Vail Valley developments may compete for tenants |

Vail Valley developments may compete for tenants

Scott N. Miller and Pam Boyd
Vail, CO, Colorado

EAGLE COUNTY ” Gentlemen, start your leasing agents. A competition for retail tenants at two large commercial developments is about to begin.

In one corner is Eagle River Station on the east side of Eagle. That project, which includes at least one “big box” store and several hundred housing units, is currently making its way through the town of Eagle’s approval process.

In the other corner is a new contender, Vail Valley Station. Trademark Property Company of Dallas last week announced it had entered into a joint venture with property owner Magnus Lindholm to develop about 80 acres into a combination of retail, residential and office space.

Both developers have ambitious plans that include opening the first stores by the end of 2009 or the first part of 2010. Both may end up competing for some of the same stores.

The Eagle River Center plan includes a “big box” store.

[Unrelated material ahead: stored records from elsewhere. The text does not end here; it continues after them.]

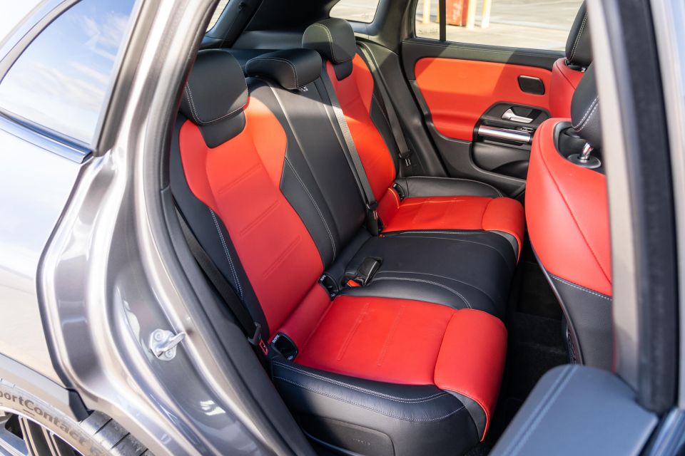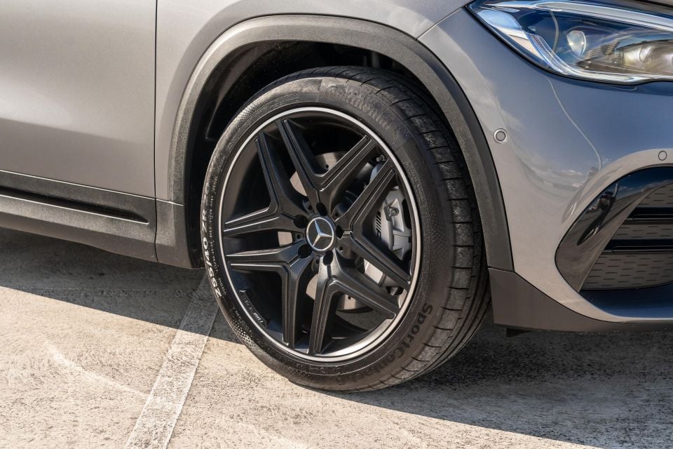 Opting for the GLA35 gets you a unique steering wheel with drive mode selectors, an adaptive suspension, unique brakes and power steering, a sports exhaust, the blacked-out AMG Night Package, and Comfort Sport seats trimmed in leather.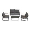 4-Piece Outdoor Patio Furniture Sets, Patio Conversation Set with Removable Seating Cushion, Courtyard Patio Set for Home, Yard, Poolside (Grey)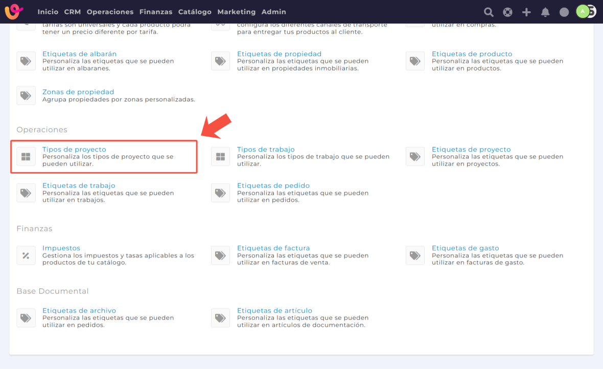 - En el apartado de configuración, busca y selecciona Tipos de proyecto o accdiendo a través del siguiente enlace: https://vendomia.app/project_types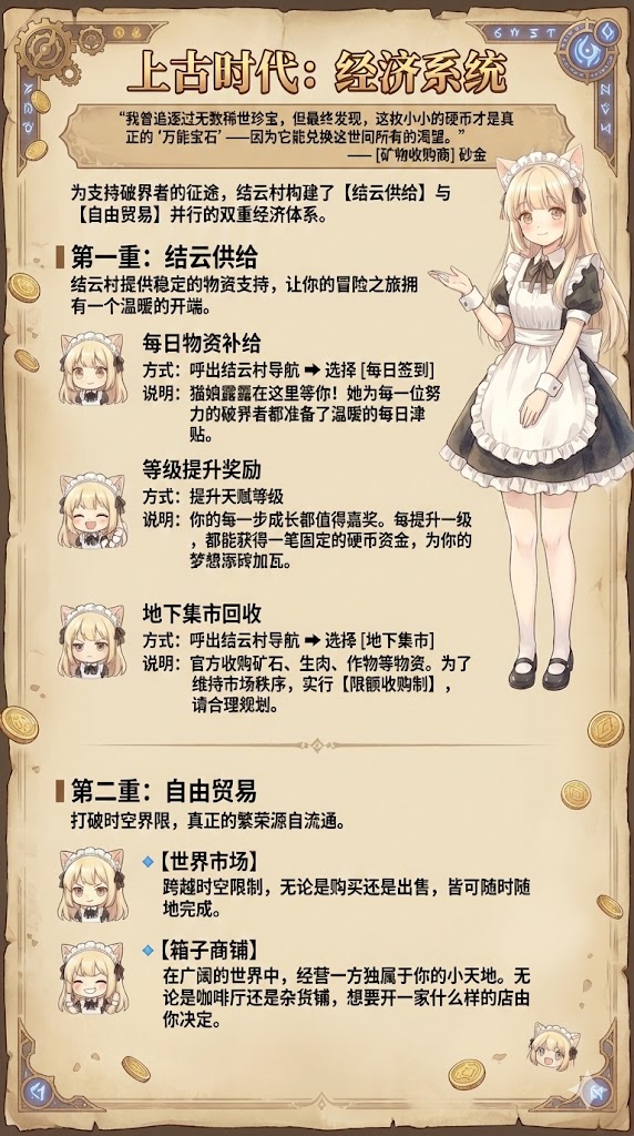 结云村构建了双重经济体系。破界者们可以通过结云供给和自由贸易两种方式获得硬币。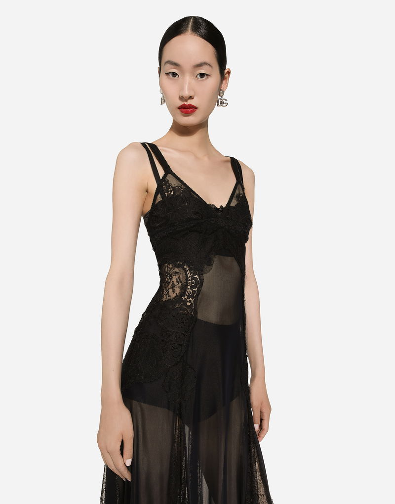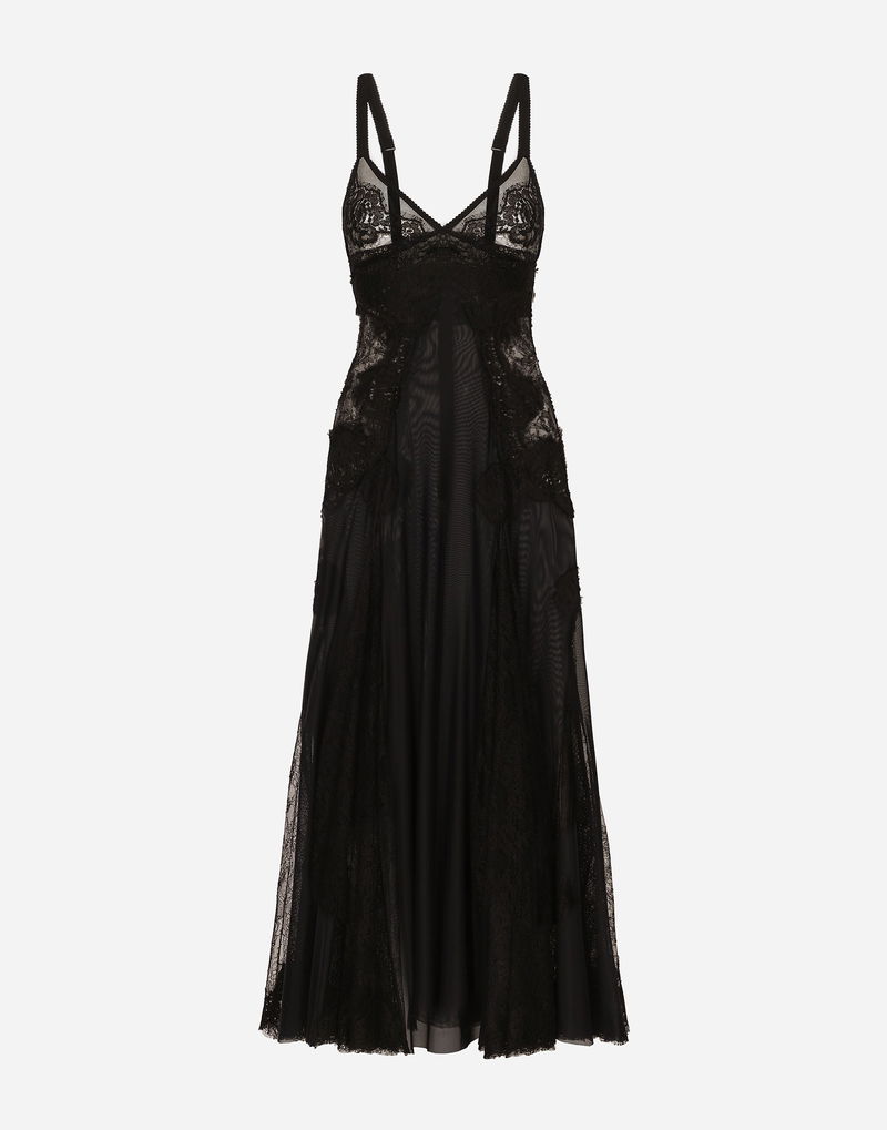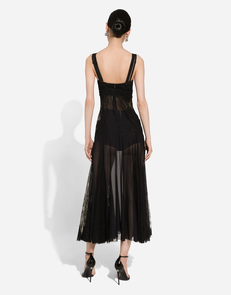 Tulle Midi Slip Dress With Lace Inserts

With a Wal-Mart and Home Depot just to the east, Vail Valley Center developers say they’ll be concentrating on smaller national stores for their project.

“We’re looking at electronics stores, linen stores and pet stores as possible tenants,” Tommy Miller of Trademark said.

And, while no one in the commercial development business will name tenant names before contracts are final, those are stores such as Circuit City, Bed, Bath and Beyond and Petco.

Those are the same kinds of tenants being talked about for Eagle River Station.

But, with many of those retailers in Summit County and Glenwood Springs, is there room in the Vail Valley for the same stores within a 20-minute drive of each other?

Vince Riggio of Trinity/RED, the developer of Eagle River Station, said his group isn’t particularly worried. He said market studies show there is pent-up demand for 1.3 to 1.4 million more square feet of retail space in the region. With that in mind, Riggio noted that Eagle River Station only needs to address one-third of that need to make financial sense.

But in luring some of the same clients ” both development groups were in Las Vegas this week for a trade show ” the companies are touting the old real estate maxim of location, location, location.

A press release last week from Trademark ” sent out during the trade show ” touts the Avon property’s proximity to Vail and Beaver Creek, as well as the fact more than 4,000 feet of the property is adjacent to Interstate 70. The release doesn’t mention that the highway is significantly higher than the property to be developed.

Trademark officials also believe building in Avon will make their property more convenient for shoppers in the upper valley.

Riggio and his team are making their own arguments.

“We have a flat, highly visible site with superior access,” Riggio said.

Bill Clinkenbeard, who was a key player in developing Cordillera, has been working for the Trinity/RED team at Eagle, so he’s not an impartial player.

“But I’ll take us any time because of location,” Clinkenbeard said. “When you can see it from I-70 you have a big advantage.”

Both projects still have some work to do, though. If approved by the Eagle Town Board, the Eagle River Station project will almost certainly be subject to a special election challenging the decision. Vail Valley Center has zoning in place, but will have to hammer out details with the Avon Town Council.